The expression of SNC1 is induced by all seven PTI-inducing molecular patterns tested, flg22, elf18, Pep1, nlp20, OGs, CO8, and 3-OH-FA, according to an RNA sequencing (RNA-seq) dataset (Figure 4A; Bjornson et al., 2021). All these seven patterns induced the SNC1 transcript within 30 min post-treatment (Figure 4A). Four molecular patterns, flg22, elf18, Pep1, and nlp20, induced a more drastic and prolonged SNC1 expression compared with the other three (Figure 4A). Therefore, we tested whether or not SNC1 has an effect on PTI by analyzing both the expression of PTI marker genes and the early ROS production in the snc1-11 and snc1-12 mutants after flg22 treatment. Two PTI-responsive genes FLG22-INDUCED RECEPTOR-LIKE KINASE 1 (FRK1) and WRKY29 were quickly induced by flg22 at 1 h after treatment in the WT, which is consistent with a previous report (Figure 4, B and C; Bjornson et al., 2021). The snc1 LOF mutants had a WT expression level of FRK1 and WRKY29, although their expression in one mutant allele exhibited a significant difference from the WT at some time points (Figure 4, B and C). ROS production was also compared between the WT and the snc1 LOF mutants. Its induction occurred at 14 min post-flg22 treatment in the WT, and the snc1-11 and snc1-12 mutants had a comparable ROS accumulation as to the WT (Figure 4D). These data indicate that SNC1 does not have a significant role in flg22 triggered-early defense responses.
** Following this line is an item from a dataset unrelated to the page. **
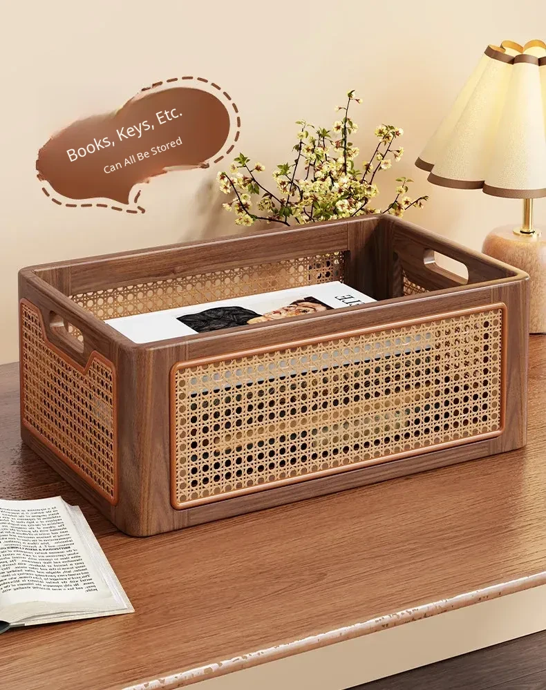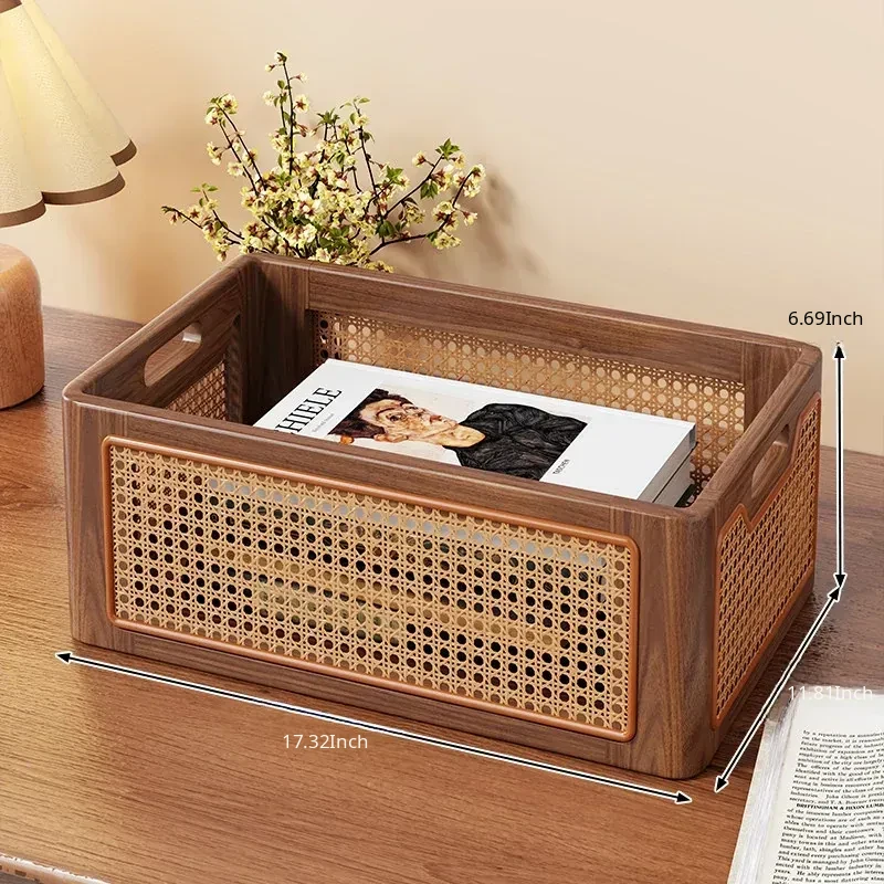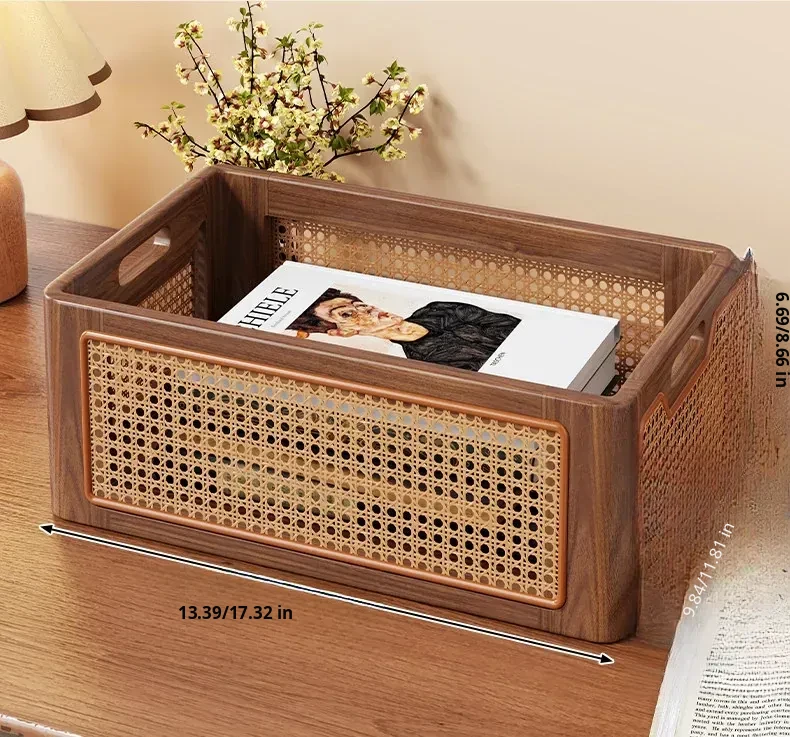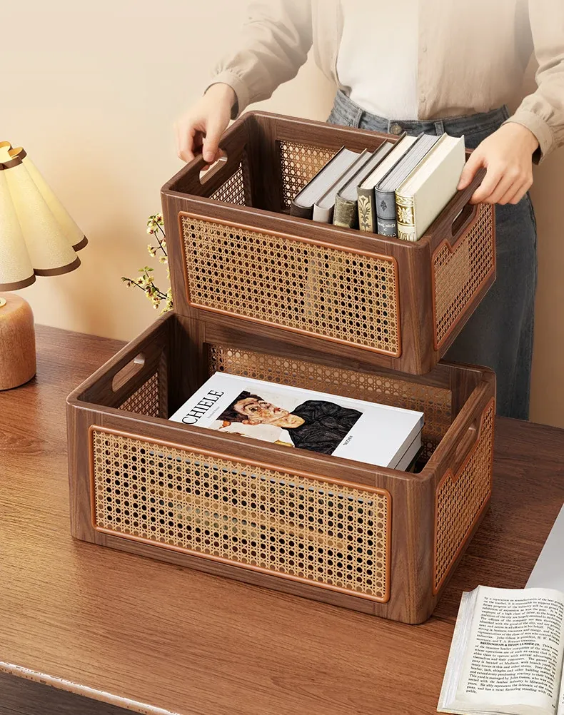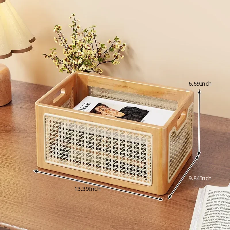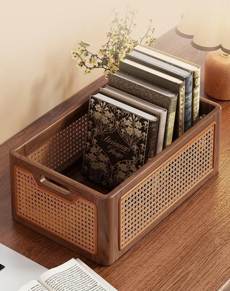 Natural Wood Book Rack and Storage Basket - Handmade Woven Organizer for Fruits, Snacks, and Kitchen Essentials - Perfect for Desktop and Home Decor
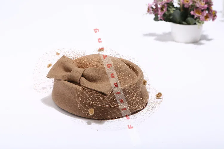 Береты, шапки для женщин, для невесты, элегантная шерсть, марля, бант, стюардесса, белые женские шапки Fedora, официальная женская шапка, Королевский стиль

The E93 catalytic residue of SNC1 is important for autoimmunity from SNC1-1

NADase activity of the TIR domain of SNC1 has been shown to be required for cell death induction when heterogeneously expressed in Nicotiana benthamiana (N. ben) plants. We asked if the NADase activity of SNC1 is required for its function in Arabidopsis. We resorted to the active form of the SNC1 protein, SNC1-1, for structure–function studies because it causes a more trackable phenotypic effect than the wild-type SNC1 especially considering the large phenotypic variations of transgenic plants carrying the SNC1 transgene (Zhu et al., 2010a, 2010b). The glutamate 93 (E93) residue, designated as E84 in Horsefield et al. (2019), of the protein from the primary transcript (annotation in TAIR 11) is the putative NADase catalytic site and is also important for the putative 2′,3′-cAMP/cGMP synthetase activity. This E93 residue was mutated to alanine (A) in the gain-of-function form SNC1-1 (Figure 5A). SNC1-1 and the E93A form of SNC1-1 (SNC1-1^E93A) were expressed as GFP fusions under the SNC1 native promoter, and the resulting pSNC1:SNC1-1:GFP (SNC1-1-GFP) and pSNC1:SNC1-1-E93A:GFP (SNC1-1^E93A-GFP) were transformed into Col-0. The T1 plants of SNC1-1-GFP/Col and SNC1-1^E93A-GFP/Col exhibited reduced rosette growth to varying degrees. Based on the rosette size, they were categorized into four groups, A (largest) and B–D (smallest) (Figure 5B). The effect of a transgene was measured by the growth inhibition score defined by “0×A% + 1×B% + 2×C% + 3×D%” from all T1 plants with this transgene (Figure 5C). The SNC1-1^E93A-GFP had a growth inhibition score of 131% and SNC1-1-GFP had a score of 153% in Col-0 (Figure 5C). This indicates that both of the SNC1-1 forms inhibit plant growth but SNC1-1^E93A has a lower activity than SNC1-1.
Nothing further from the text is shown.